Mia didn’t care why Ramsay was by himself. She stared into Martín’s eyes, which had shifted from arrogant to earnest. If this man—a man with a fierce reputation of his own—counseled Ramsay’s guidance, she could not dismiss his suggestion without due consideration. She had to go to Eastbourne to get on Bouchard’s ship, so talking to Ramsay would not take her out of her way. Still, it was almost more than she could bear to bring her problems to Ramsay. He would fight her with every weapon at his disposal. Chief of those weapons would be exposing her plans to Adam. And she knew, beyond any doubt, Adam would not risk his unborn child on such a journey.
But what other choice did she have?
“You will not help me otherwise?”
He shook his head.
“Be ready to leave tonight.”
* * *
Mia left Martín in the small park, a thousand thoughts running through her head as she made her way home. The pain in her chest as she made plans to sneak off almost dropped her to her knees.

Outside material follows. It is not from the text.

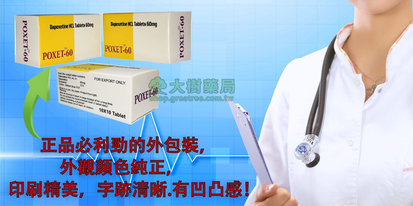 包裝外觀:印度版包裝標示為POXET-60,有印度藥廠標識。
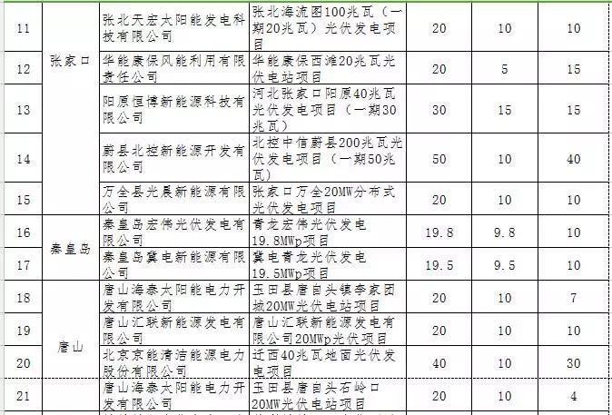 河北省2016年第一批普通光伏發(fā)電項目并網(wǎng)計劃安排情況公示

She loved Adam, but she loved Jibril, too. It was not a contest as to which she loved more; she would go into the same situation to save either of them. Adam had the power to stop her. If he did, and if anything happened to Jibril, Mia knew she would never forgive her husband. She could not risk that, even though it meant risking the life within her, which she knew meant so much to him.

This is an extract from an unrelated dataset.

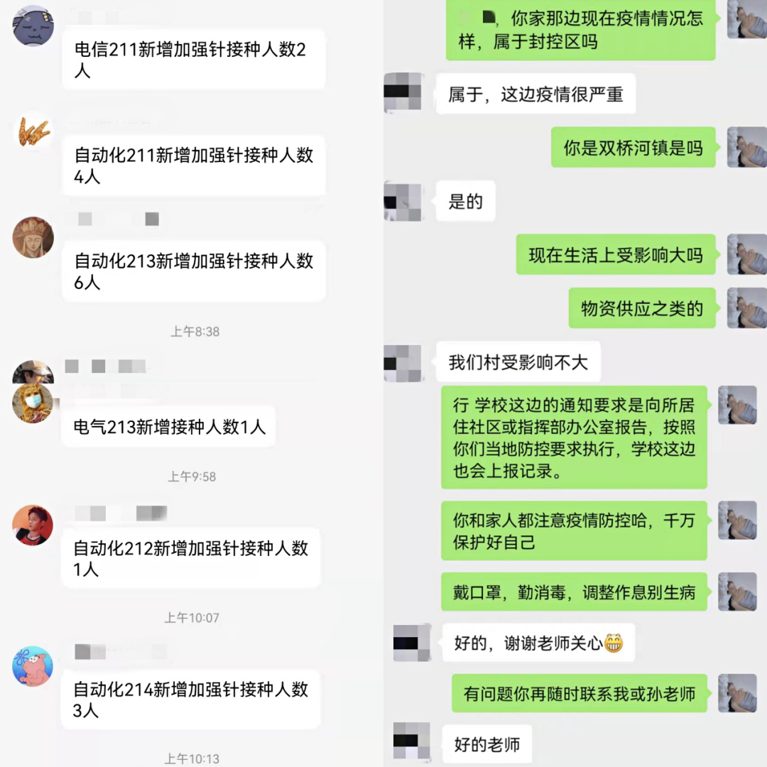 用心用情,以生为本,写好安全教育“假期篇”。学院严格落实学校疫情防控要求,督促学生每日健康打卡,关注返乡学生尤其是中高风险地区学生健康状况,建立班级疫苗接种台账并实行周更新制,引导学生应种尽种加强针,做好居家防控;加强人文关怀,落实资助育人,开展2022年寒假“暖冬”线上走访活动,了解家庭经济困难学生情况,宣讲资助政策,深化“扶贫”与“扶智”有机结合,实现“AI平安”学生工作增温提效。

She would have to act fast. She’d have no trouble feigning sickness and avoiding the play tonight—she was sick, sick with grief.
Before Mia knew it, she was climbing the steps to the town house. She handed her cloak to the waiting footman before stripping off her gloves and checking her reflection in the large mirror. Her face gave no sign that her entire life had just collapsed. “Is Lord Exley in?”

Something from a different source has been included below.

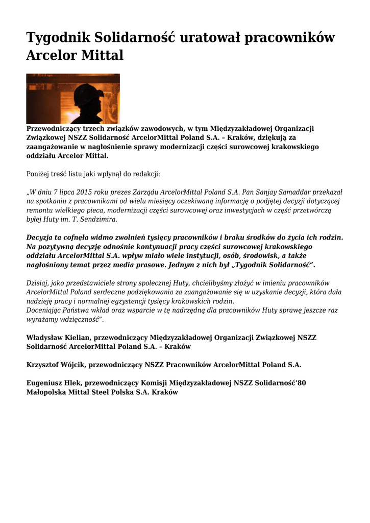 Tygodnik Solidarność uratował pracowników Arcelor Mittal Przewodniczący trzech związków zawodowych, w tym Międzyzakładowej Organizacji Związkowej NSZZ Solidarność ArcelorMittal Poland S.A. – Kraków, dziękują za zaangażowanie w nagłośnienie sprawy modernizacji części surowcowej krakowskiego oddziału Arcelor Mittal. Poniżej treść listu jaki wpłynął do redakcji: „W dniu 7 lipca 2015 roku prezes Zarządu ArcelorMittal Poland S.A. Pan Sanjay Samaddar przekazał na spotkaniu z pracownikami od wielu miesięcy oczekiwaną informację o podjętej decyzji dotyczącej remontu wielkiego pieca, modernizacji części surowcowej oraz inwestycjach w część przetwórczą byłej Huty im. T. Sendzimira. Decyzja ta cofnęła widmo zwolnień tysięcy pracowników i braku środków do życia ich rodzin. Na pozytywną decyzję odnośnie kontynuacji pracy części surowcowej krakowskiego oddziału ArcelorMittal S.A. wpływ miało wiele instytucji, osób, środowisk, a także nagłośniony temat przez media prasowe. Jednym z nich był „Tygodnik Solidarność”. Dzisiaj, jako przedstawiciele strony społecznej Huty, chcielibyśmy złożyć w imieniu pracowników ArcelorMittal Poland serdeczne podziękowania za zaangażowanie się w uzyskanie decyzji, która dała nadzieję pracy i normalnej egzystencji tysięcy krakowskich rodzin. Doceniając Państwa wkład oraz wsparcie w tę nadrzędną dla pracowników Huty sprawę jeszcze raz wyrażamy wdzięczność”. Władysław Kielian, przewodniczący Międzyzakładowej Organizacji Związkowej NSZZ Solidarność ArcelorMittal Poland S.A. – Kraków Krzysztof Wójcik, przewodniczący NSZZ Pracowników ArcelorMittal Poland S.A. Eugeniusz Hlek, przewodniczący Komisji Międzyzakładowej NSZZ Solidarność’80 Małopolska Mittal Steel Polska S.A. Kraków

“He went out a little while ago, my lady. Shall I check with Batson and see where His Lordship was bound?”
Mia almost wept with relief. She wouldn’t need to run the risk of facing him. Yet. For the first time in days she was grateful he was avoiding her.
“No, that won’t be necessary.”
LaValle was busy with something in her dressing room when Mia entered her chambers.
“My lady?” The Frenchwoman frowned. “Are you unwell?”
Mia lifted a hand to her forehead. “My head aches dreadfully. Perhaps you could prepare me a posset like the one you gave me at my father’s house?”
“Bien sûr, madam! But I will have to check with the kitchen. I am perhaps missing something to make a proper dose,” she mused, her mind already on her task.
“Yes, well, you go and find what you need,” Mia urged.
“Shouldn’t I help you undress, so you may go to bed?”
“I’d rather you make the drink for me.”
LaValle nodded and departed without another word. Mia wanted nothing more than to crawl into her bed and sleep until the nightmare was over, but she needed to pack her bag before LaValle returned.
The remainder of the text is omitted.